Administration officials called the latest changes “common sense." "This is essentially an additional safety net in case folks might have slipped through the cracks," Obama said. But the insurance industry and critics said they just made things even more bewildering.

“One thing is certain: The Administration’s latest initiative is not going to simplify anything,” Robert Moffit and Alyene Senger, health policy experts at the right-leaning Heritage Foundation, wrote in a blog post. “Rest assured it is going to create even greater confusion for health insurers trying to sell these products.

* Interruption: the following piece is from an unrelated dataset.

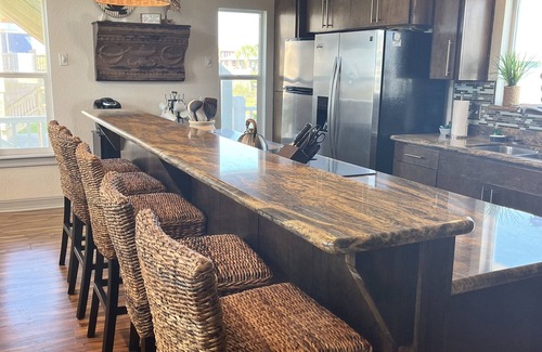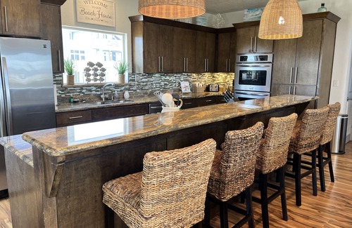 Designed with beautiful interior detail, this seaside retreat features a coveted open layout with vaulted ceilings and double-height windows offering abundant natural light. Kick back and relax with your favorite TV shows in the living room. A second upstairs living area provides more space for your group to spread out. On the top floor, you’ll find a playroom with a TV, bonus sleeping space, and wet bar. Whip up everything from beach snacks to four-course meals in the well-equipped kitchen - complete with stainless steel appliances, a coffee bar, and a center island with seating for four. Gather for special meals at the adjacent eight-seat dining table.

Also, don’t expect the unhappy consumers who’ve just lost their previous coverage to understand clearly which plan they can pick and be legally qualified to pick it.”

Health policy expert Doug Holtz-Eakin, who leads the center-right American Action Forum, says this week’s changes are “a big deal”. “Substantively, it opens the door to deferring the mandate entirely and by acknowledging that catastrophic plans would be suitable coverage it makes a lie of all the rhetoric about how existing insurance (“underinsurance”) is ‘subpar’ and ‘poor,’” he wrote in a blog post.

“It is an invitation to those who have chosen policies through to cancel them and waive the mandate.”